An in-house LLM assistant that guides employees through filing service tickets correctly — running on a CPU-only commodity VM, no GPU, because that's the hardware that was already in the building.

Role: Solo
Stack: Ollama, Gemma 4, OpenWebUI, RAG, LLM, Self-hosted
Status: active

Abstract linework of scattered points flowing along guiding curves into ordered streams, in the site's burnt-orange on cream.

FIG. 01 — 2026.

① The problem.

Ticket adoption had been quietly bad for years. The internal Service Request system was where work was supposed to land, and the queue routing depended on the filer picking the right section. People found it confusing, so they didn't use it — they walked over and asked someone instead. Training hadn't fixed it. Process docs hadn't fixed it. The cost wasn't dramatic on any given day; it was a slow drag that never showed up on a dashboard.

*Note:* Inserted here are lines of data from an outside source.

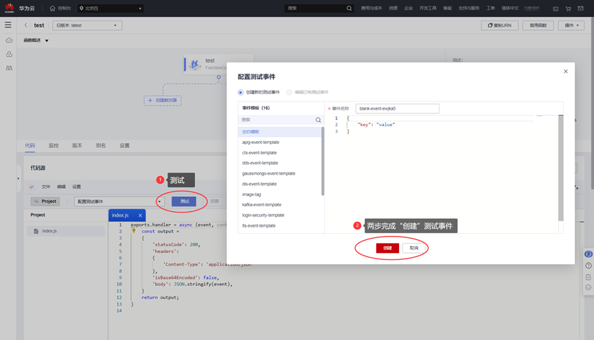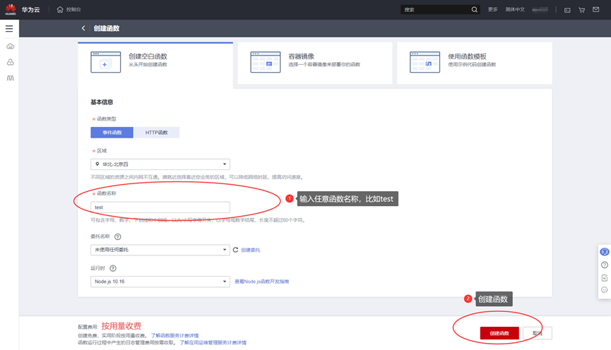 默认选择“创建空白函数”中“事件函数”,并任意填写函数名称,比如test,其余参数不用修改,点击右下角“创建函数”。
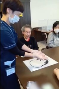 これにはスタッフも挑戦し、介護さん看護師さんともにとても笑顔一杯で楽しんでいますねー!😁
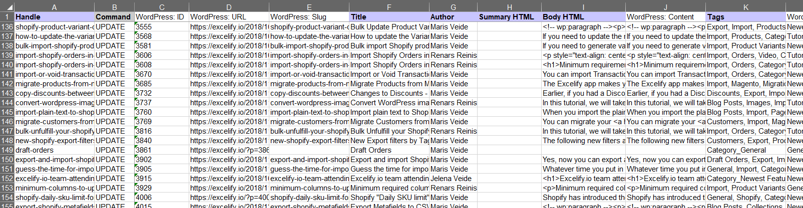 All none-colored columns are there only for the reference if you need to edit/check the data – they will not be actually imported into to Shopify.
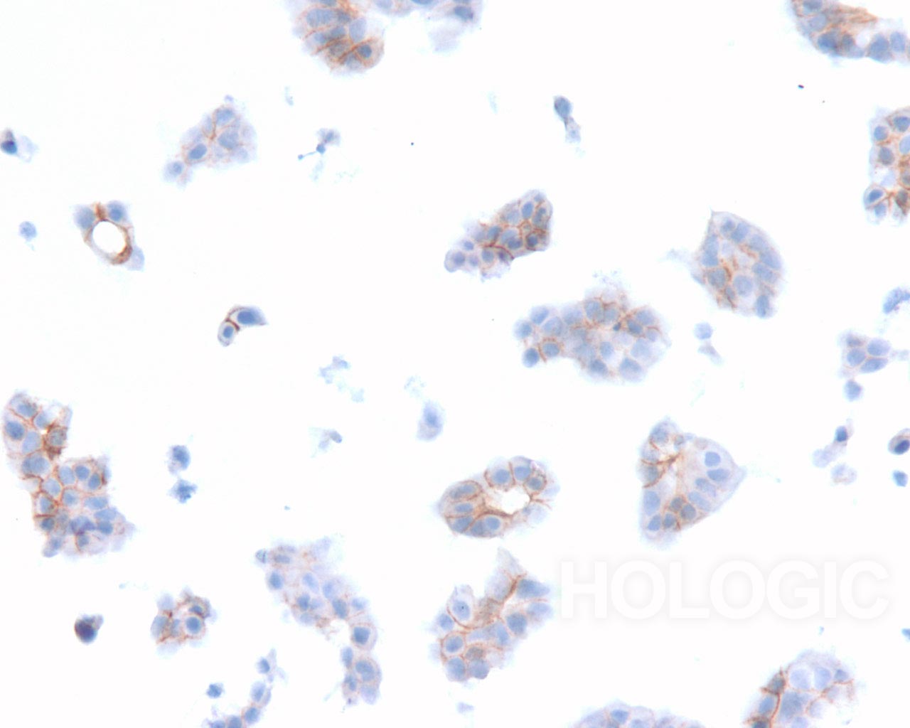 Dako HercepTest 3+ kleuring voor Her2/Neu wordt waargenomen in de invasieve tumor. Voor sommige toepassingen kan het nodig zijn om positiviteit voor Her2/neu van de invasieve tumor te onderscheiden van die van een in situ component.
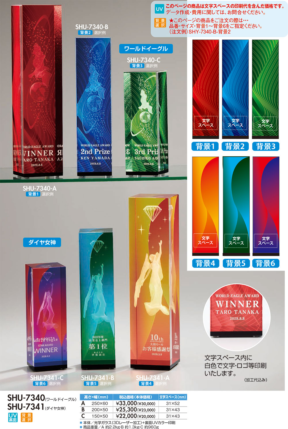 本体/光学ガラス製(3Dレーザー加工)UV印刷(納期約15日間)
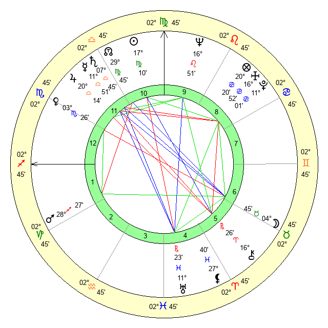 | Sun | 17 Virgo 11 | 18 Virgo 14 | 0 Capricorn 5 |
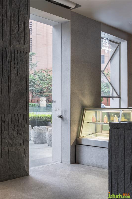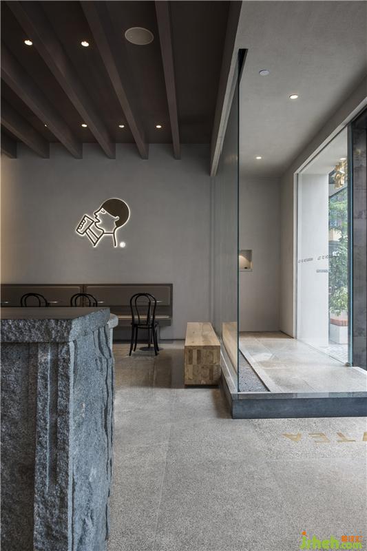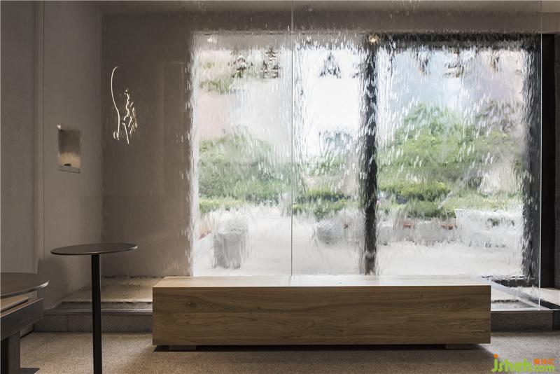 At the entrance, we designed a curtainof glass and wateras a partition.The flowing water makes the space more dynamic andfull ofvariations, and form a contrast of movement and stillnesswith the roughnaturalstones, which addsan OrientalShanshui charm to the space.Large areas in the space are austere and undecorated, leaving customers moreroom for imagination.

The premise of this project: an assistant that meets people at the moment they're about to file a ticket, and just tells them where the ticket belongs and how to describe the problem — based on what good tickets in that area have looked like historically.

② Approach.

A retrieval-augmented chat assistant sitting on top of years of historical Service Request comments, curated into a structured knowledge base. The model isn't generating new policy; it's pattern-matching against tickets that were filed correctly and reflecting that back to the user.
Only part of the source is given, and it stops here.